### Brief
Copy the material below verbatim from the line with "Old railway line" to the line with "Extension Switch Pro box able", both lines included, omitting pictures and every line outside that range.

### Data listing

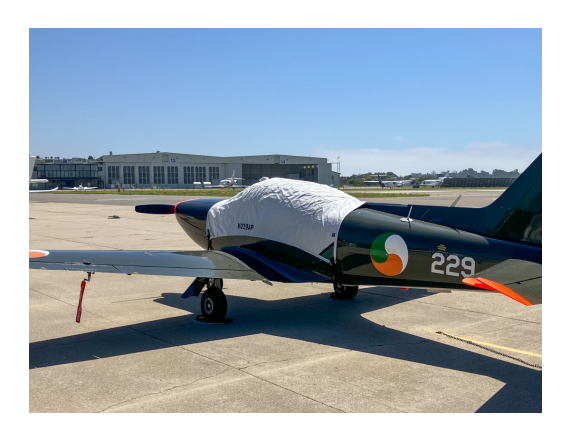
Siai Marchetti SF260 Canopy Cover
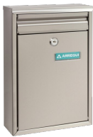
L29406 Satin Stainless Steel
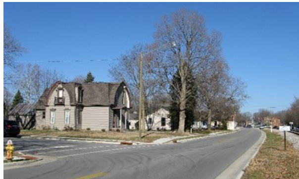
Downtown, Battle Ground

Leave the Memorial turn left onto Railroad Street.
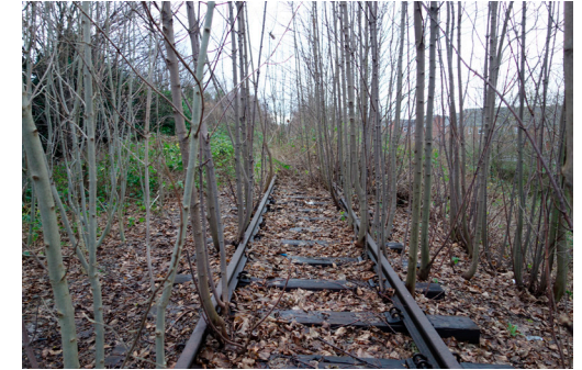
Old railway line

4 Giant Sequoia: This native tree of California typically grows on the western slopes of the Sierra Nevada. It was introduced to the UK in 1853 and can live more than 300 years. It is the largest known tree species on earth.
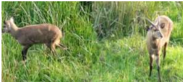
The Sitatunga gazelle

The main wildlife in the county is the Sitatunga gazelles at Kingwal Swamp, Columbus monkeys found in the South Nandi Forest. There is also a wide variety of different bird species and snakes across the county. There is also the Tindinyo Falls along River Yala.
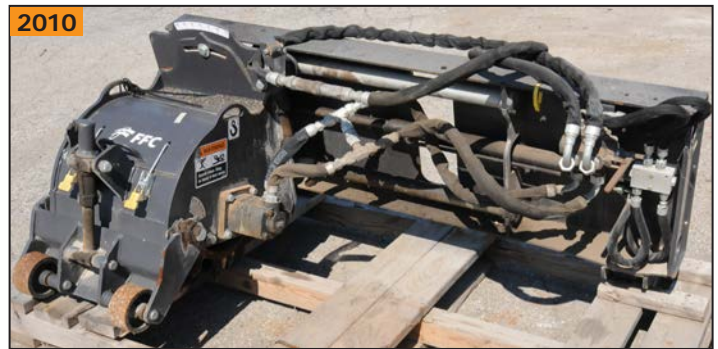
2010 PALLADIN FFC SERIES II hydraulic asphalt miller/planer
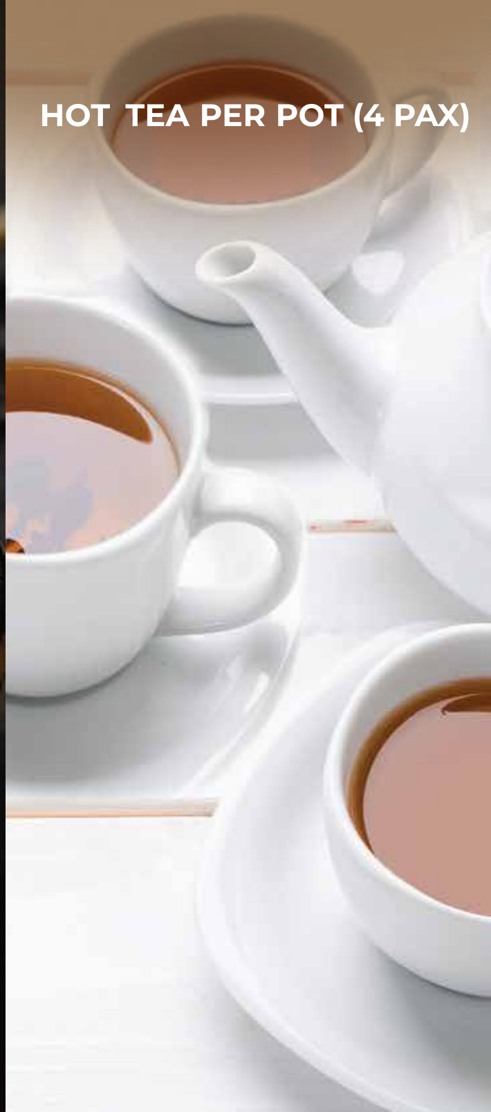
HOT TEA PER POT (4 PAX)
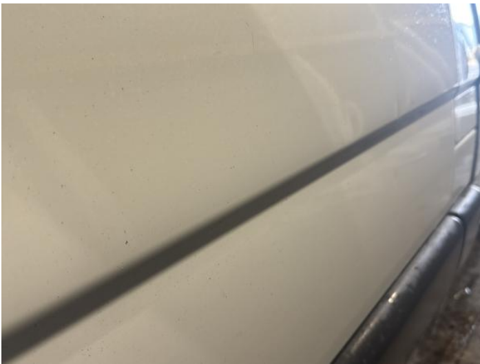
5: Door nsf Dented Over 30mm
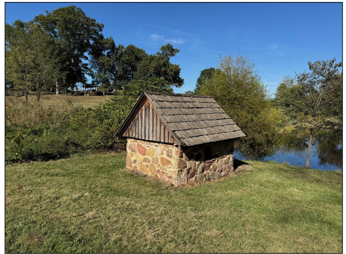
Looking at the chapter house over the spring house from the cabin.
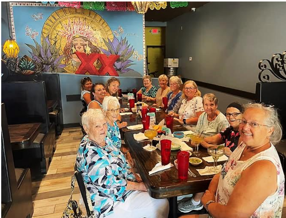
May's Ladies' Luncheon at Luna Azul Authentic Mexican Restaurant, Leesburg
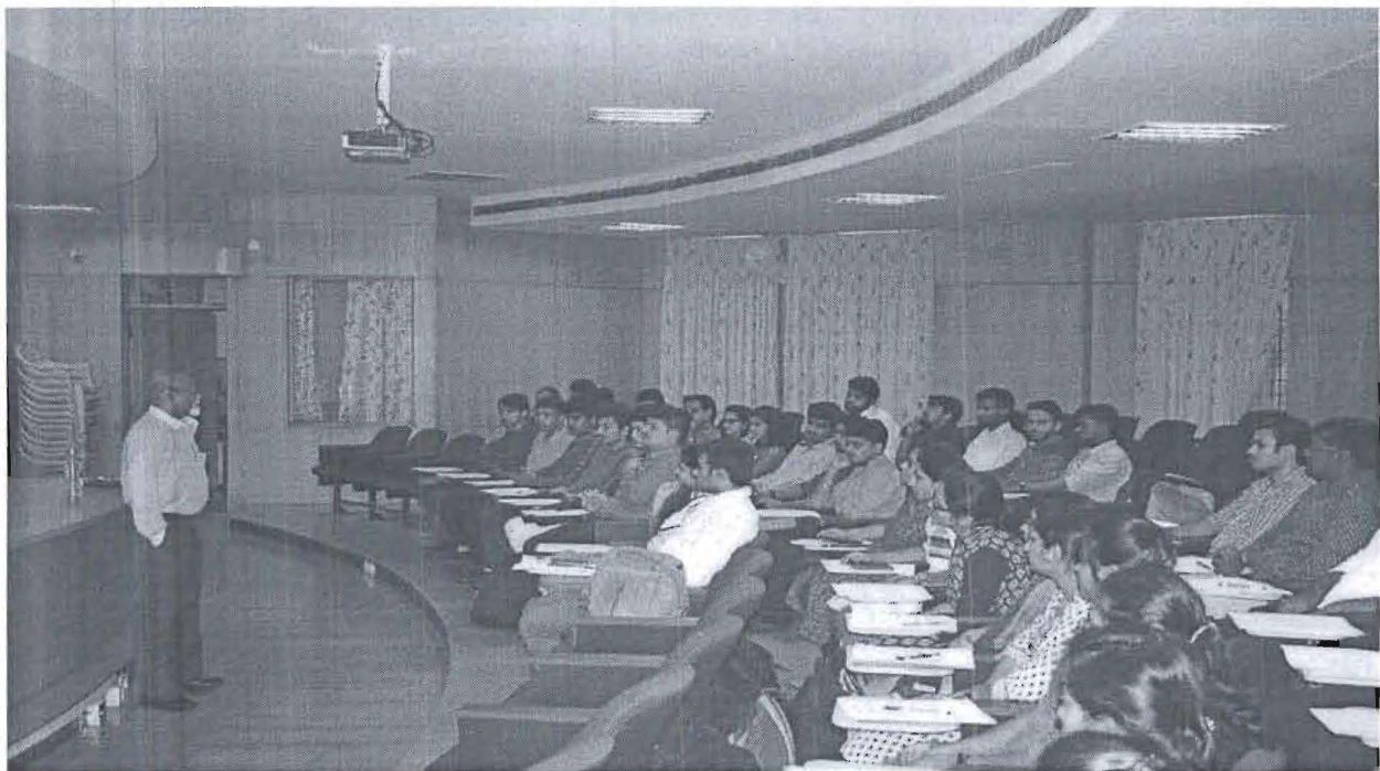
I semester students participating in the workshop
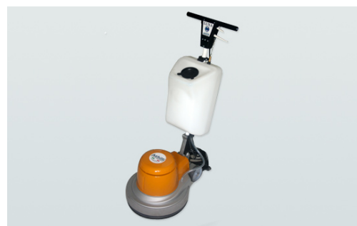
LUXA universal floor polisher
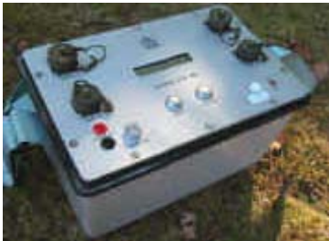
Extension Switch Pro box able to drive 24 - 48 - 72 or 96 electrodes

Extension Switch Pro box(es), with specific cables, can be connected to the ELREC Pro unit for an automatic switching of the reception electrodes according to preset sequence of measurements ; these sequences have to be created and uploaded to the unit from the ELECTRE II software.
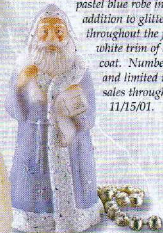
5299 XL Santa, 8" $89.50
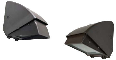
Compact Unit with Shield Removed in Field
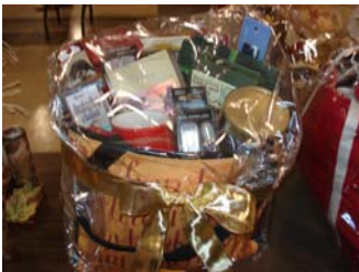
Book Lover's Basket (Barnes & Noble Bag)
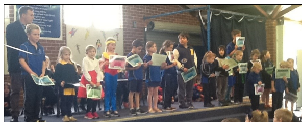
Certificates of Commendation recipients

Certificates of Commendation were presented to some very worthy recipients at the assembly and as a finale each class paraded their super-hero masks they had made in class.
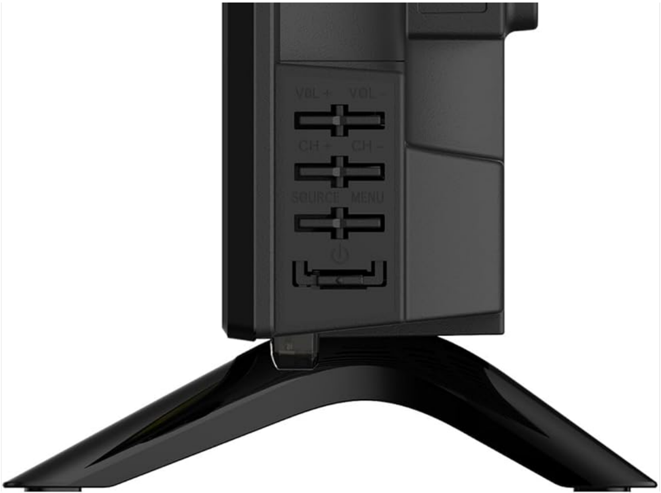
Figure 4.2: Side view of the TV, highlighting the integrated control buttons (Volume, Channel, Menu, Power).
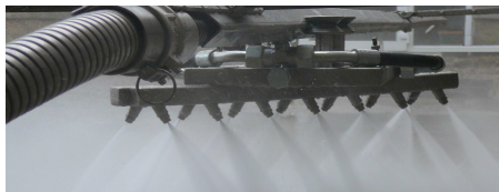
Nettoyage d'aéroréfrigérants en raffinerie- Procédé "Ax System "
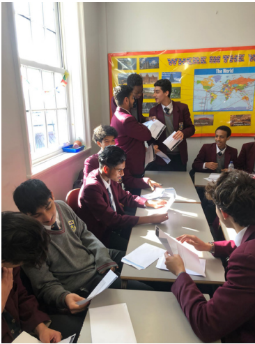
Our excited Year 11s
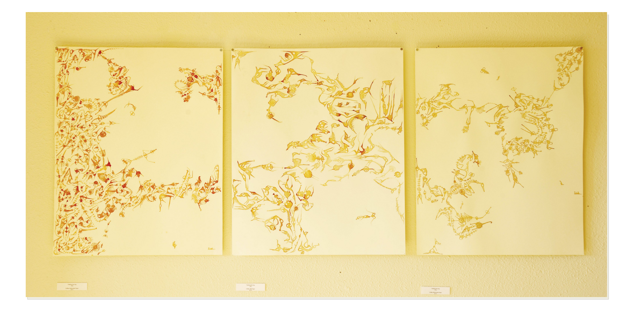
Figure 10: Feeding The Dog.
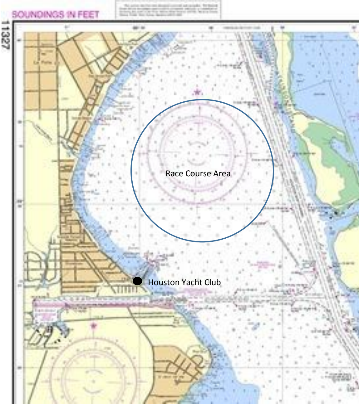
Chart of Race Course and Location of Houston Yacht Club
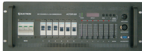
ACTOR 625 with MCBs P+N
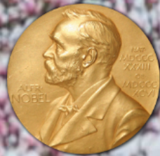
NOBEL PEACE PRIZE RECIPIENT 2009
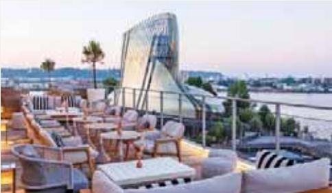
Renaissance Bordeaux Hotel | Bordeaux
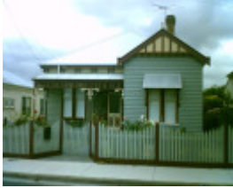
27 Albert Street, Geelong West
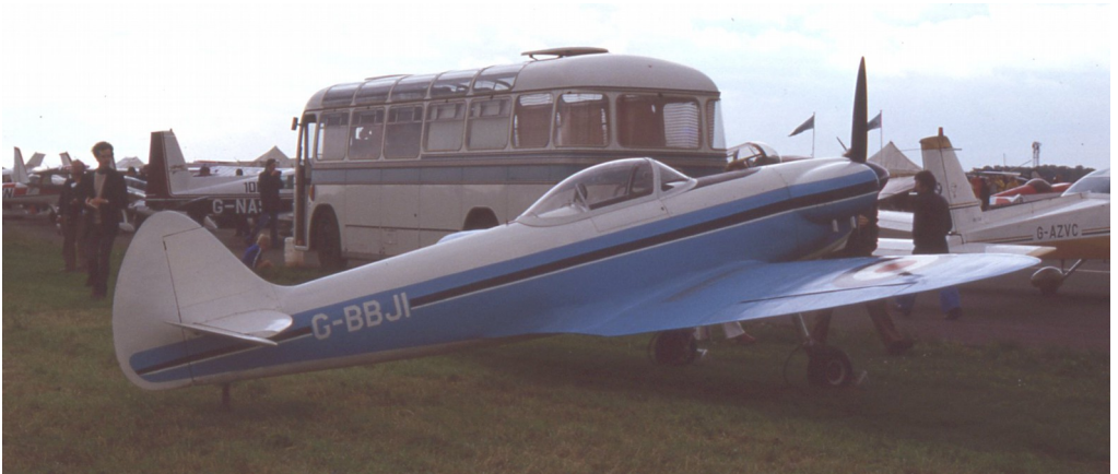
G-BBJI Isaacs Spitfire PFA Rally Leicester East 05/07/1980
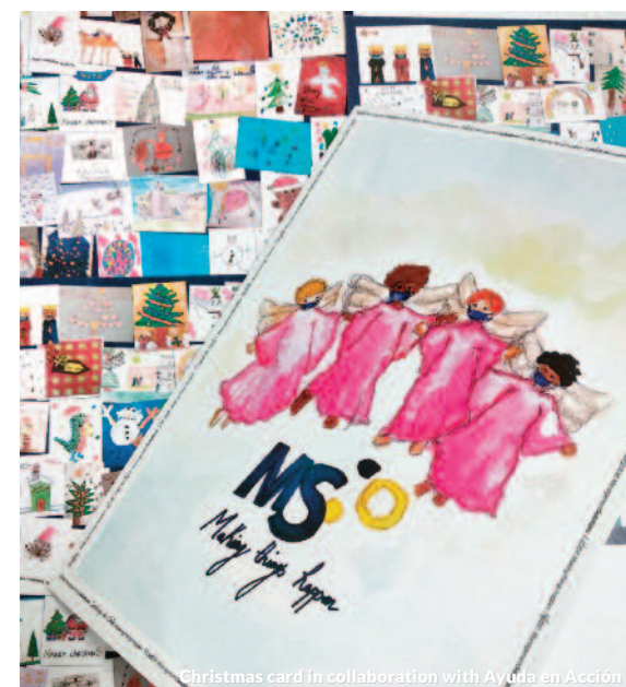
Christmas card in collaboration with Ayuda en Acción

### Reply
Old railway line

4 Giant Sequoia: This native tree of California typically grows on the western slopes of the Sierra Nevada. It was introduced to the UK in 1853 and can live more than 300 years. It is the largest known tree species on earth.
The Sitatunga gazelle

The main wildlife in the county is the Sitatunga gazelles at Kingwal Swamp, Columbus monkeys found in the South Nandi Forest. There is also a wide variety of different bird species and snakes across the county. There is also the Tindinyo Falls along River Yala.
2010 PALLADIN FFC SERIES II hydraulic asphalt miller/planer
HOT TEA PER POT (4 PAX)
5: Door nsf Dented Over 30mm
Looking at the chapter house over the spring house from the cabin.
May's Ladies' Luncheon at Luna Azul Authentic Mexican Restaurant, Leesburg
I semester students participating in the workshop
LUXA universal floor polisher
Extension Switch Pro box able to drive 24 - 48 - 72 or 96 electrodes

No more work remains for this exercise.